The paradigm of Alzheimer’s disease (AD) treatment is at a major turning point, with positive reports of disease-modifying therapies, including anti-amyloid approaches [1]. This gives hope that early detection and curative treatment of AD using biomarkers may be possible in the future. However, this approach is not yet suitable for application to all populations in real clinical settings due to costs and accessibility [2]. The population is aging and it is known that multiple factors affect the onset of AD, and no one can be completely free from the onset of AD. Therefore, cost-effective methods for the early diagnosis of AD are required.
Currently, screening tools, such as the Mini-Mental State Examination (MMSE) [3] and Montreal Cognitive Assessment [4], are used to detect cognitive impairment. MMSE is the most widely used tool that provides a global measure of cognitive impairment in clinical, research, and community settings. However, a recent study found no evidence supporting the significant role of MMSE as a “stand-alone single-dose test” in identifying patients who develop AD. Bondi et al. stated that conventional criteria for cognitive decline can be problematic because they rely on impairment on a single neuropsychological test, clinical judgment, or limited neuropsychological assessment using a “one test equals one domain” methodology [5,6]. Jak et al. [7] suggested that the neuropsychological (NP) criteria using comprehensive neuropsychological tests offer the ideal balance of sensitivity and reliability by using a more liberal >1 SD cut-off for impairment (rather than a 1.5–2 SD cut-off), with the essential need for at least two impaired scores within one cognitive domain. When analyzed using Alzheimer’s Disease Neuroimaging Initiative (ADNI) data, approximately one-third of participants diagnosed with mild cognitive impairment (MCI) using the conventional criteria were cognitively normal (CN) diagnosed using NP criteria [6]. Additionally, when participants re-diagnosed with CN were further explored, many characteristics, such as imaging findings, genetic biomarkers, and pathological findings, were more consistent with CN than with MCI [8].
The validity of the NP criteria has been tested in many studies. However, the three cognitive domains included in the NP criteria were memory, language, and executive function; the remaining visuospatial functions and attentional abilities were excluded. In addition, the ADNI data, mainly used to verify the NP criteria, lacked cognitive function test results corrected for participants’ education level. Therefore, in this study, we conducted a comprehensive neuropsychological test that included all five cognitive domains and attempted to create a cost-effective screening test combination based on the results adjusted for each subject’s age, sex, and education level. Additionally, we used deep learning (DL), an artificial intelligence technology, for this analysis.

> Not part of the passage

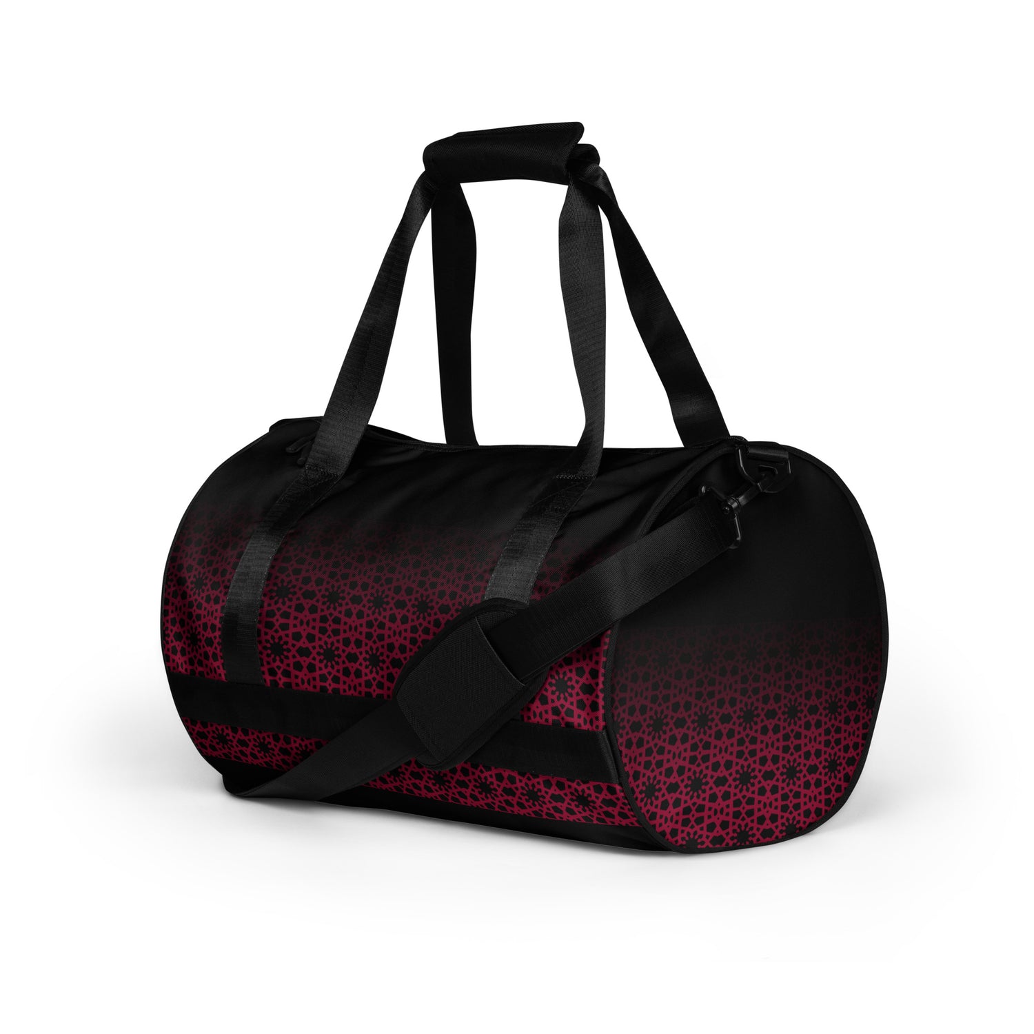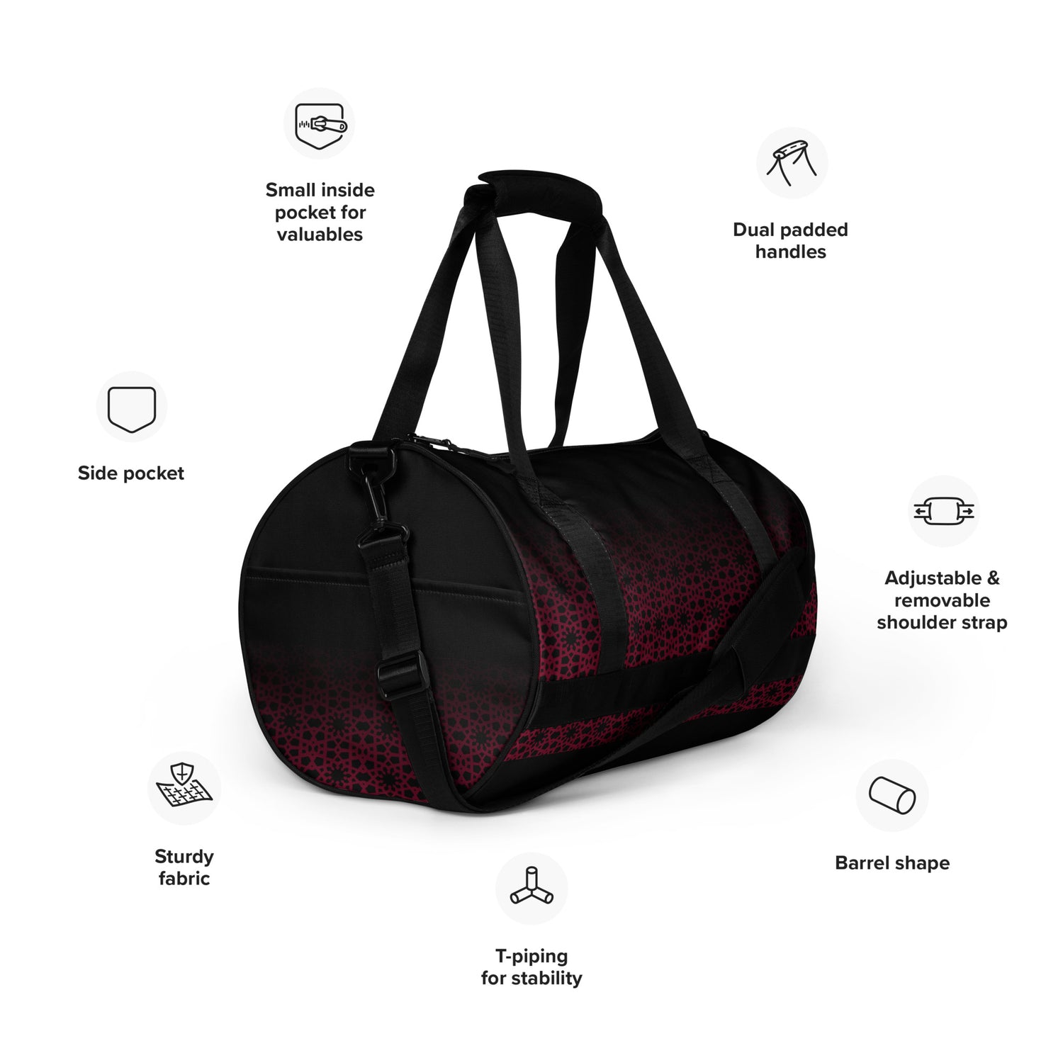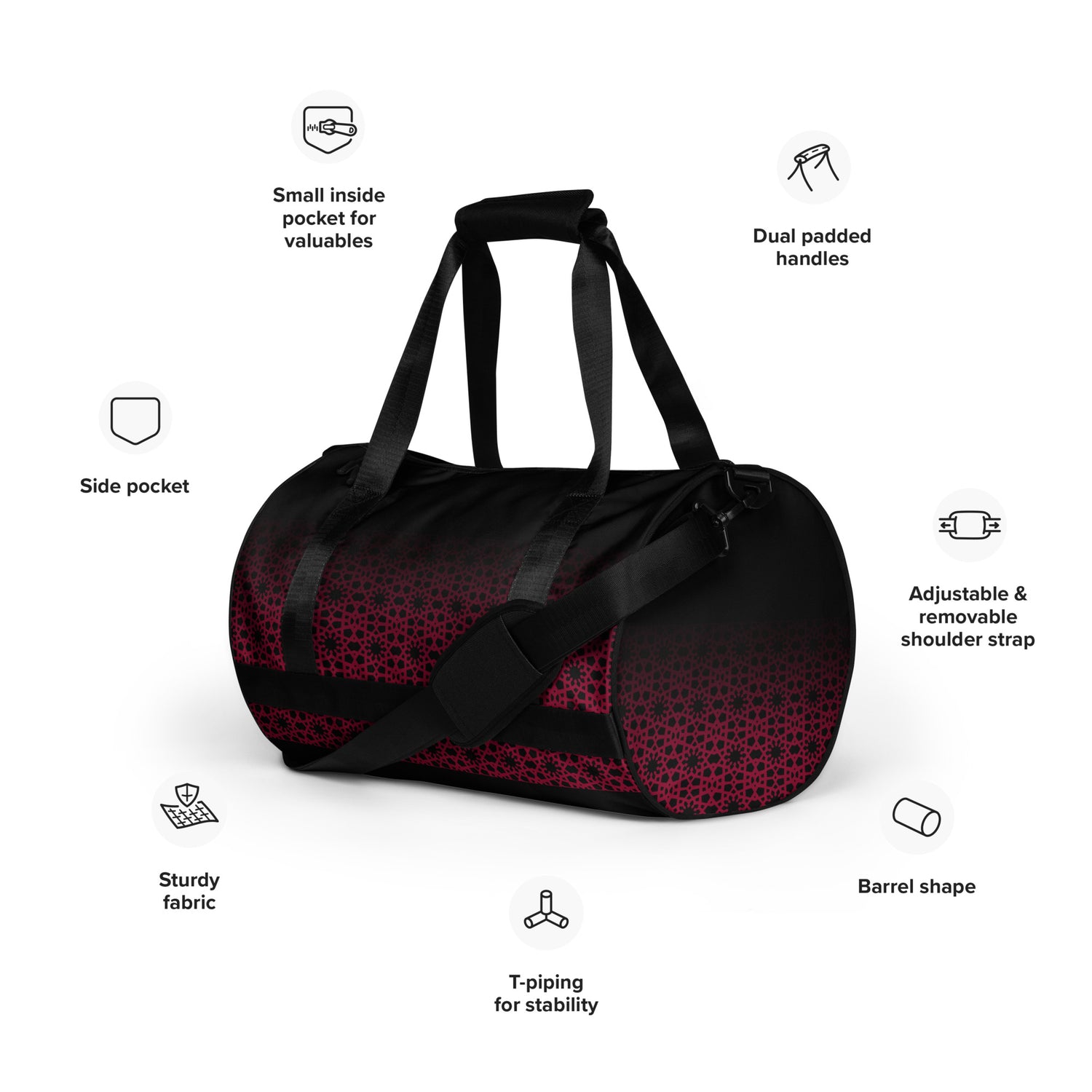 Ready to get your fitness on? Add some punch to pumping iron with this all-over print gym bag. Made from 100% polyester and sturdy, water-resistant fabric, this bag is fun meets function. And it’s got pockets!
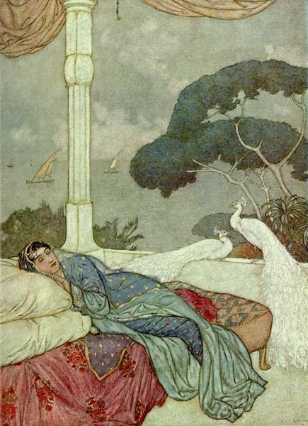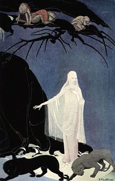 Editor: "A Circle of Mist," also known as "Stealers of Light by the Queen of Romania," is a watercolor by Edmund Dulac. There’s a dreamlike quality to it, the way the figures seem to drift in and out of the shadows. What do you see in this piece? Curator: Ah, it’s like peering into a forgotten corner of a fairy tale, isn't it? Dulac masterfully uses watercolor to create a sense of ethereality. The figures, almost spectral, seem to embody anxieties, the things that steal away our inner light. Look at the slumbering figure – are they succumbing to these shadowy presences, or merely dreaming them? Notice the owl, perched as a silent observer – wisdom or omen? Perhaps both, entwined. Editor: It feels heavy with symbolism, doesn't it? Almost like a modern take on Romanticism. Curator: Precisely! The symbolism is thick, layered like the mist itself. There is a connection here to our unconscious states – a land where vulnerability is heightened. And the Queen of Romania’s title—it infuses a peculiar literary weight, like a collaboration of shared dreaming. Tell me, what feelings does the owl evoke in you? Editor: Definitely a guardian of secrets. I hadn’t considered the Queen of Romania's contribution… it gives the piece another dimension! Curator: It adds another layer of narrative. The beauty of works like these lies in their capacity to resonate differently with each viewer. Ultimately, it mirrors our own internal landscapes, doesn't it? Editor: Definitely. Thanks! That perspective really sheds new light on the piece. Curator: My pleasure! I'll take with me that this piece, however surreal, is at its heart an attempt to touch on themes deeply, profoundly human.

DL works by mimicking the operation of the human brain, generating automated predictions from input data [9]. In other words, because it can extract predictive values by identifying and learning patterns from input data with complex relationships, DL is establishing itself as a new tool showing promising results in early stage AD research [10].
Consequently, this study aimed to use DL technology to create a cost-effective screening tool for cognitive decline.

METHODS

Data preparation

The data used were the results of a comprehensive neurocognitive test conducted in outpatients or inpatients with subjective cognitive complaints who visited Yeungnam University Hospital between January 2017 and December 2023.
This study used a dataset containing test results in five cognitive domains: attention, language, memory, visuospatial function, and frontal function. The data were collected by a psychiatrist and trained psychologists. Subjects completed a comprehensive neuropsychological assessment and activities of daily living to assess their cognitive and daily functions. The clinical diagnosis of each subject was based on the Diagnostic and Statistical Manual of Mental Disorders, Fifth Edition [11], and it was considered that they had dementia if they met the diagnostic criteria for a major neurocognitive disorder.
The Seoul Neuropsychological Screening Battery (SNSB) was used as a comprehensive neurocognitive test. SNSB is a comprehensive neuropsychological test that evaluates five cognitive domains such as memory, language, attention, visuospatial function, and frontal (executive) function [12]. SNSB includes the following detailed list of cognitive functions: 1) memory was evaluated by Seoul Verbal Learning Test-Elderly’s version evaluating immediate recalls, delayed recall, recognition abilities, and same abilities using Rey Complex Figure Test (RCFT); 2) language function was evaluated by spontaneous speech, comprehension, repetition, reading, writing, and Korean-Boston Naming Test (K-BNT); 3) attention ability was evaluated by Vigilance test, Digit Span Test, and Letter cancellation; 4) visuospatial function was evaluated by copy score and copy time of RCFT and Clock Drawing Test; 5) frontal functions were evaluated by Contrasting program, Go-No go test, FistEdge-Palm, Alternating hand movement, Alternating square & triangle, Luria loop, Controlled Oral Word Association Test, Korean-Color Word Stroop Test, Digit Symbol Coding, and Korean-Trail Making Test-Elderly’s version (K-TMT-E). Analysis was performed using test results that yielded z-scores adjusted for age, sex, and educational level.
The dataset was preprocessed by correcting the column names based on the first-row entries and converting all numerical data from strings to floating-point numbers. To maintain the integrity of the dataset, missing values were imputed using the mean of each test in all participants. This study was approved by the Institutional Review Board of Yeungnam University Medical Center (YUMC 2021-06-039).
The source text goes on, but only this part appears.